My arm was scraped and the knee was torn out of my jeans from the fall. It would have been a lot worse if we hadn’t crashed into the SUV. I limped out of the living room, closed the door on Vinnie, started to undress, and noticed I’d missed a call from Morelli on my cell phone.

“Hey,” Morelli said when I called him back.

“Hey, yourself.”

“Just checking to see if you’re home. Shots were fired at Sunflower’s apartment building tonight.”

“Is that unusual?”

“Good point,” Morelli said. “We also got a report of shots being fired from Vinnie’s house. Lucille said she was shooting at a rat.”

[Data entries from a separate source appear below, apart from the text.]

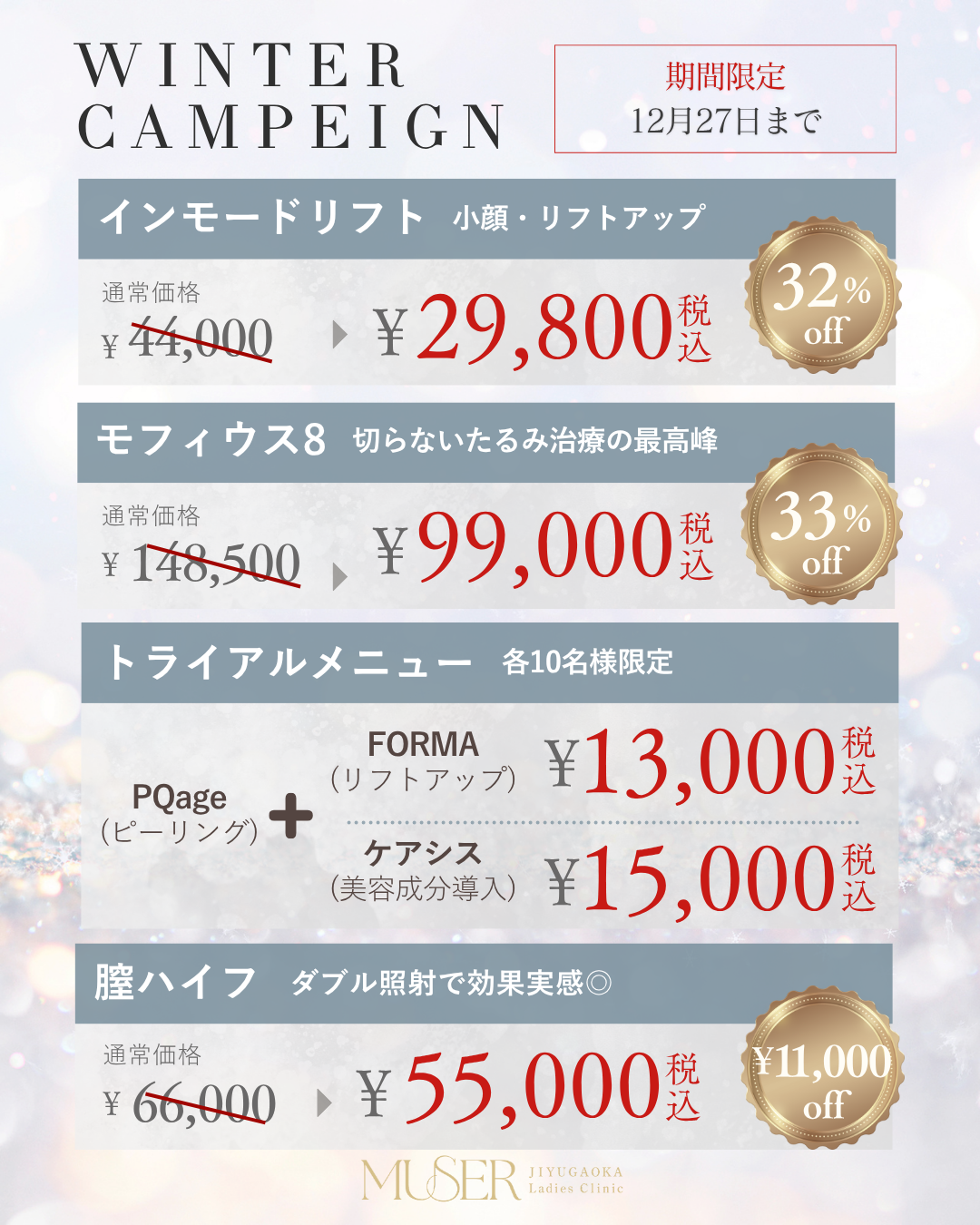 効果は、お顔のHIFUと同様に2週間〜1ヶ月程度でご実感いただけるため、花粉症のくしゃみによる尿もれが心配な方にも間に合います。満足度の高い施術ですので、この機会にぜひお受けください。
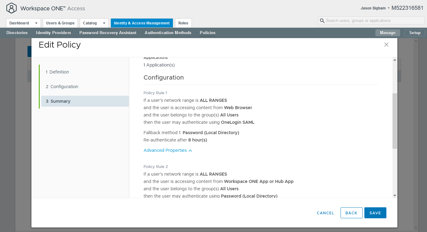 - Navigate to Workspace ONE Access > Identity & Access Management > Policies, select your relevant policy, and click the Edit button.
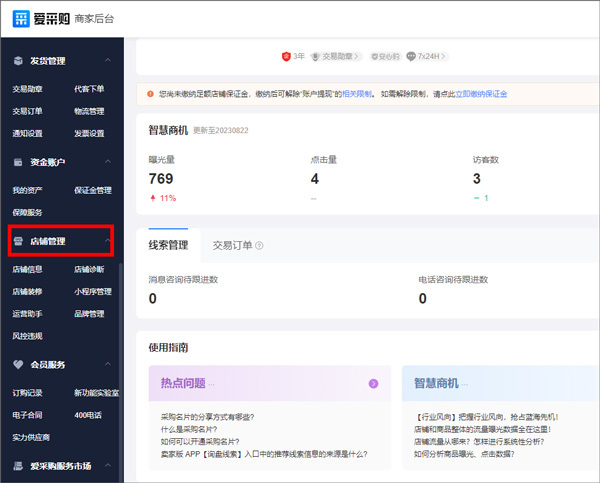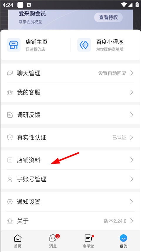 3、在我的页面中,用户可查看爱采购店铺主页、聊天管理、我的客服以及真实性认证等,点击店铺资料可查看修改。
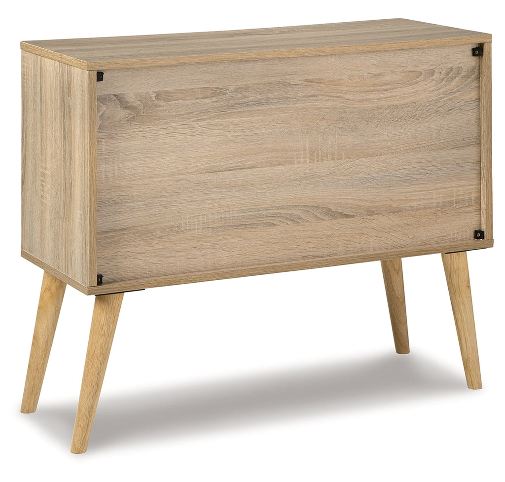 Open the door to clean-lined form and functionality with this accent cabinet. Its homey natural finish is enhanced with crisp white doors and pulls. Adjustable shelf caters to your needs.
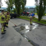 Es gab auf einem Parkplatz einen Austritt von Hydrauliköl. Die Feuerwehr Wolfurt rückte mit zwei Fahrzeugen aus und konnte mittels Öl-Bindemittel und Bioversal das ausgelaufene Betriebsmittel binden und entfernen.
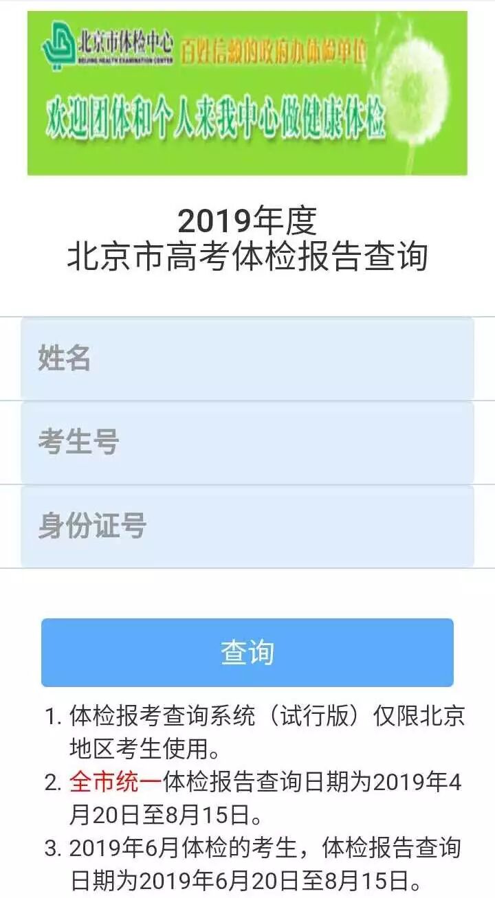 1 7日、8日 参加高考 6月7日、8日,高三考生将走向高考考场,检验十多年的学习成果。按规定,准考证将于3日前下发到考生手中。考生考前要查看准考证,明确考试地点,确定考试两天的出行方式、路线,还要适当进行身体放松训练,保持良好睡眠,力争以最佳状态迎接高考。 全国统考于6月7日至8日进行,各科目的具体考试时间见下表: 注:具体考试时长以实际听力播放时间为准。 2 《专业目录》发放 注:图为去年《专业目录》封面,仅供参考。 普通高等学校招生专业目录(简称《专业目录》)等材料也在6月发放。这些材料汇总了所有在京招生的学校、专业计划、学校和专业代码等众多内容,是考生填报志愿的重要参考资料。考生在阅读《专业目录》时要看清科类、批次、院校、专业、特殊符号等内容。 3 高考体检补检与复检 点击图片即可跳转查询体检结果 按规定,报考高校的所有考生均要参加身体健康状况检查,如实填写本人的既往病史。 补检 今年集中的考生体检已于3月结束。未能在规定时间参加体检的考生可于6月9日12时30分至15时30分到北京市体检中心补检。 复检 如果考生对本人体检结果有异议,要在体检结果公布之日起两周之内通过报名单位向所在体检医院提出复检申请,由体检医院根据情况安排复检。如考生对复检结果仍存异议,可通过体检医院或区高招办向市体检中心提出终检申请,由市体检中心进行终检。 4 相关高校自主招生考试 各高校自主招生考试将在高考结束后陆续进行。各校自主选拔侧重考查内容会有差异,考生要结合选报高校的要求理性备考。 中国传媒大学招生办主任闫磊凡提醒,眼下,考生要以高考复习为主,等高考结束后再根据各校发布的考试内容进行相应的准备。以中传为例,该校今年自主招生各专业测试都以考查考生的平时积累和发展潜质为主。另外,今年该校自主招生校考环节增加了体质测试的内容,涉及50米和立定跳远两个项目。未参加体质测试的考生将被视为放弃学校自主招生资格。因此考生在考前要注意身体,不要因为发生意外而不能参加测试。 5 本专科招生网上咨询 本专科招生网上咨询在6月进行。届时,北京教育考试院高招办、区高招办以及高校招办有关负责人会在网上集中回答考生的问题。 6 高校开放日活动 图为本报资料图 不少高校开放日活动在高考后进行。相关高校招办主任建议,考生和家长参加校园开放日活动,要重点关注学校的录取政策,如提档比例、专业级差、政策加分、单科成绩和身体素质特殊要求等。 7 部分香港高校申请日期 截至6月中旬 一些在内地自主招生的香港高校申请日期截至6月中旬。想报考香港高校且还没有申请的考生可在规定时间内登录招生院校网站申请。 8 高考成绩 各批次录取最低控制分数线 23日同期公布 高考成绩、各批次录取最低控制分数线也在6月23日公布。 9 高考本科志愿填报 6月25日8时至29日20时,高考本科志愿填报。东城区教育招生考试中心高招办主任刘景艳提醒,考生除要依据《专业目录》填报志愿外,还要用好分数分布统计、高校招生章程等材料,认真研读相关政策和信息,统筹分析,拉开志愿梯度,合理填报。 10 军检和公安类体检 军检、公安类院校体检等相关工作也在6月展开。报考军事类、公安院校的考生要根据通知,按时进行政审、军检(公安体检)、面试等。 (以上根据往年招生进程整理,2019年如有变动,请以最新公布政策为准。)

“That neighborhood’s going to hell in a handbasket.”

“Should I be worried?” Morelli asked me.

“Hard to say.”

Morelli disconnected, and I limped into the bathroom, where I stood in the shower until all the rust was washed out of my hair. When I was done, I looked at the shampoo bottle. Empty. My refrigerator was also empty. I needed money. I needed to make another capture.

VINNIE WAS BACK to wearing only his underwear. He was in my kitchen, unshaven, his hair spiked up from sleep, his eyes half open.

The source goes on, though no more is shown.